● DATASET ENTRIES:

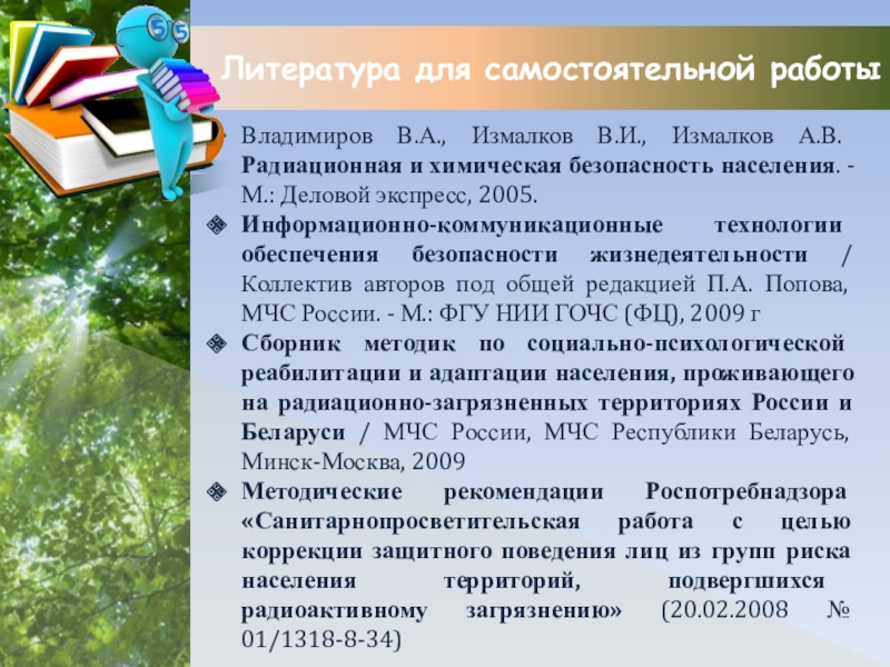 Санитарно-просветительская работа с целью коррекции защитного поведения лиц из групп риска населения территорий, подвергшихся радиоактивному загрязнению рассмотрена в методических рекомендациях Роспотребнадзора, опубликованных в 2008 г.
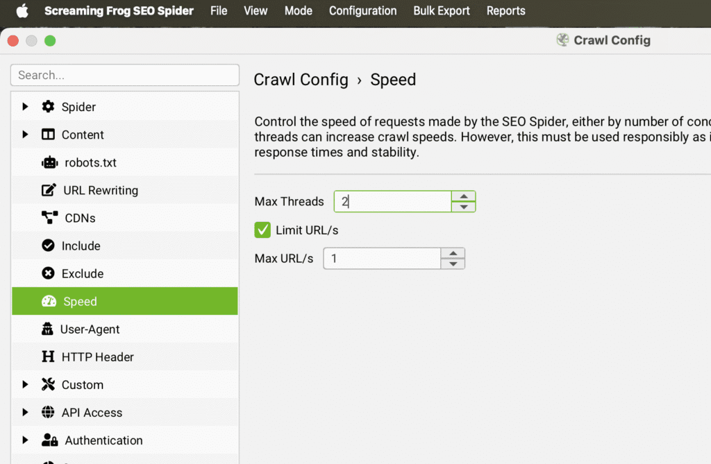 I strongly recommend slowing the crawl rate down. Head into Screaming Frog’s configuration and reduce the number of threads and crawl speed to something reasonable, especially if you’re working on shared hosting or using Google’s free tier. This will keep things stable and help avoid sporadic errors like 429s or 5xx responses from your proxy.
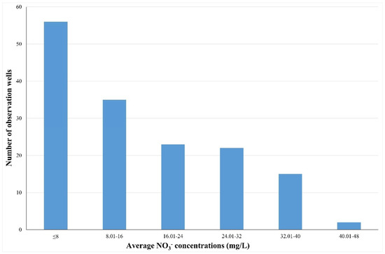 Average nitrate concentrations are lower than 16 mg/L of NO3− in 91 observation wells (Figure 8). Most of these observation wells are located in the hyporheic zone of the Sava River and have similar concentrations as those measured in the Sava River. The highest average nitrate concentration is about 44 mg/L of NO3− and is located in the urban part of the City of Zagreb, while average nitrate concentrations higher than 32 mg/L of NO3− are observed in 17 observation wells.
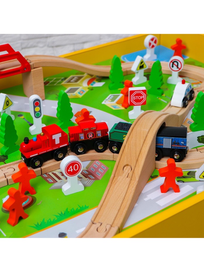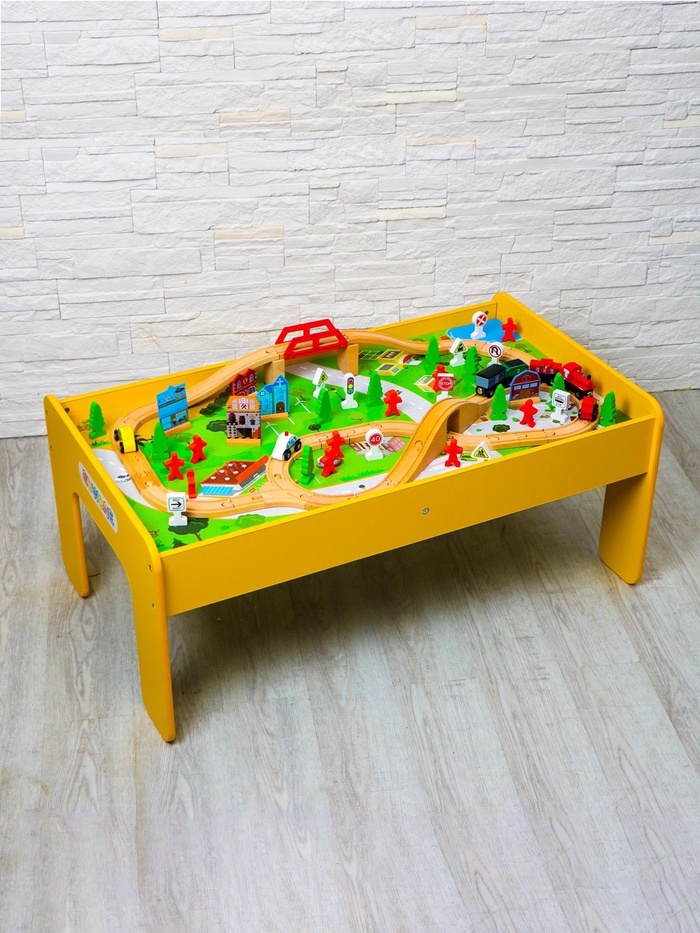 Железная дорога — это красочный набор для сюжетных игр. Большое количество декораций и фигурок позволяет собрать действующий комплекс с транспортной развязкой. Дорожное полотно можно укладывать на уровень выше основного положения рельсов, чтобы организовать многоуровневые съезды и мосты.
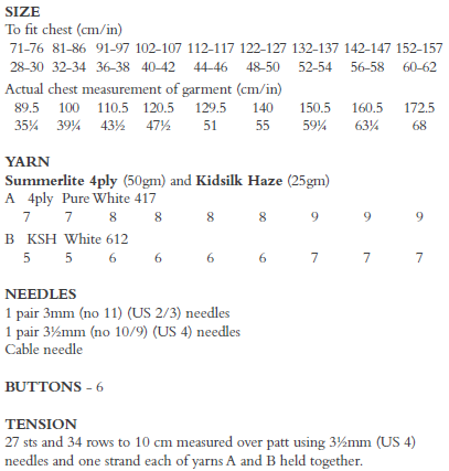 This elegant lace cardigan from Chloe Thurlow is knitted using Summerlite 4ply and Kidsilk Haze. Featuring a lace and cable pattern all over and finished with a ribbed hem, neckline, cuffs and button bands. Raglan sleeves create a relaxed silhouette.
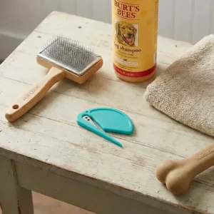 This compact brush easily fits in my pocket and quickly untangles my dog’s fur. It’s very gentle yet incredibly effective.
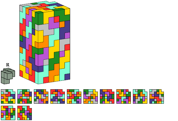 Each of the solutions shown for pentacubes T, A, Z, and M are formed by joining two rectangular box tilings. Smaller solutions may exist for these pentacubes.
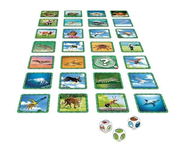 Lancez les dés et soyez le premier à désigner l’animal qui recoupe les trois caractéristiques annoncées : environnement, alimentation et nombre de pattes.
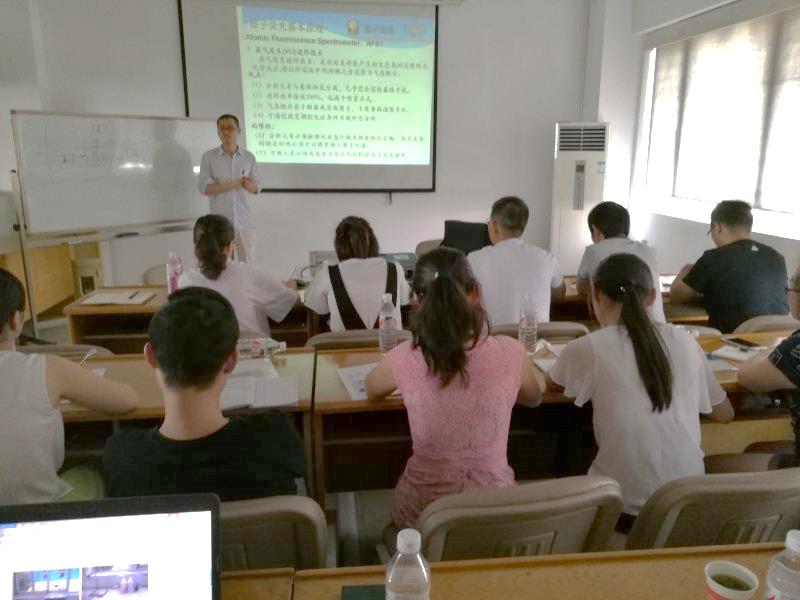 娃哈哈集團是吉天儀器生產的原子熒光光度計的老用戶,全國各子公司的檢測實驗室都有吉天儀器的原子熒光儀器,用于檢測娃哈哈集團生產的奶粉、營養品等食品中重金屬的含量。這次來參加培訓的也都是一線的使用人員。8月15日上午,吉天儀器的技術工程師為參會人員進行了原子熒光光度計的技術培訓,培訓課程包括:原子熒光光度計的結構和原理、原子熒光光度計的應用方法、儀器的日常維護和故障排除方法等。

● EXERCISE AIM:
Transcribe the full listing above exactly, with the images removed.

● TASK SOLUTION:
 Санитарно-просветительская работа с целью коррекции защитного поведения лиц из групп риска населения территорий, подвергшихся радиоактивному загрязнению рассмотрена в методических рекомендациях Роспотребнадзора, опубликованных в 2008 г.
 I strongly recommend slowing the crawl rate down. Head into Screaming Frog’s configuration and reduce the number of threads and crawl speed to something reasonable, especially if you’re working on shared hosting or using Google’s free tier. This will keep things stable and help avoid sporadic errors like 429s or 5xx responses from your proxy.
 Average nitrate concentrations are lower than 16 mg/L of NO3− in 91 observation wells (Figure 8). Most of these observation wells are located in the hyporheic zone of the Sava River and have similar concentrations as those measured in the Sava River. The highest average nitrate concentration is about 44 mg/L of NO3− and is located in the urban part of the City of Zagreb, while average nitrate concentrations higher than 32 mg/L of NO3− are observed in 17 observation wells.
 Железная дорога — это красочный набор для сюжетных игр. Большое количество декораций и фигурок позволяет собрать действующий комплекс с транспортной развязкой. Дорожное полотно можно укладывать на уровень выше основного положения рельсов, чтобы организовать многоуровневые съезды и мосты.
 This elegant lace cardigan from Chloe Thurlow is knitted using Summerlite 4ply and Kidsilk Haze. Featuring a lace and cable pattern all over and finished with a ribbed hem, neckline, cuffs and button bands. Raglan sleeves create a relaxed silhouette.
 This compact brush easily fits in my pocket and quickly untangles my dog’s fur. It’s very gentle yet incredibly effective.
 Each of the solutions shown for pentacubes T, A, Z, and M are formed by joining two rectangular box tilings. Smaller solutions may exist for these pentacubes.
 Lancez les dés et soyez le premier à désigner l’animal qui recoupe les trois caractéristiques annoncées : environnement, alimentation et nombre de pattes.
 娃哈哈集團是吉天儀器生產的原子熒光光度計的老用戶,全國各子公司的檢測實驗室都有吉天儀器的原子熒光儀器,用于檢測娃哈哈集團生產的奶粉、營養品等食品中重金屬的含量。這次來參加培訓的也都是一線的使用人員。8月15日上午,吉天儀器的技術工程師為參會人員進行了原子熒光光度計的技術培訓,培訓課程包括:原子熒光光度計的結構和原理、原子熒光光度計的應用方法、儀器的日常維護和故障排除方法等。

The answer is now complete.